Amazon has been a beneficiary of generous public subsidies as part of its expansion of its warehouse network. The Institute for Local Self-Reliance, a nonpartisan research and advocacy group, published a report last year saying that Amazon had received forms of public subsidies totaling at least $613 million for 40 of the 77 warehouses it built from 2005 to 2014. Additional subsidies for Amazon data centers were about $147 million, the institute said.

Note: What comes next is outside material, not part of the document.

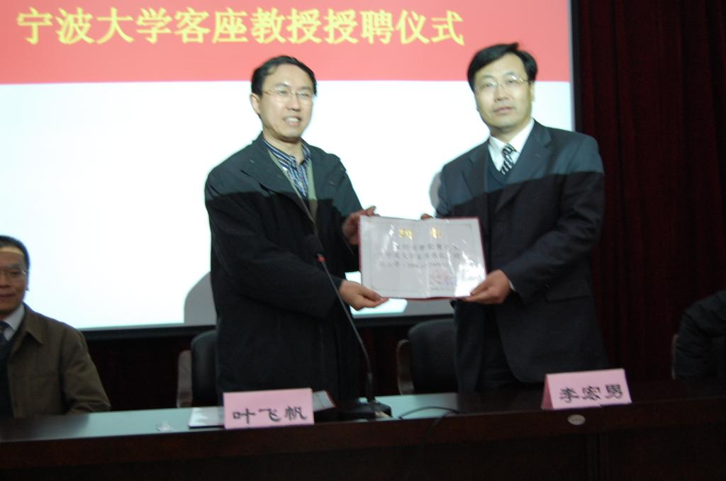 316日下午,我校在建工学院报告厅举行客座教授授聘仪式,、大连理工大学李宏男教授,清华大学博士生导师韩林海教授受聘为我校客座教授,副校长叶飞帆教授为两位教授颁发了客座教授聘书及佩戴校徽。

Stacy Mitchell, co-director of the institute, was struck that Amazon’s formal request for proposals said that “special incentive legislation” might be required. “Cities and states have a wide array of tools for giving corporations tax incentives and subsidies,” Ms. Mitchell said. “So the notion that Amazon is imagining a deal of such magnitude that it would require special legislation is pretty brazen.”

Read the full story here.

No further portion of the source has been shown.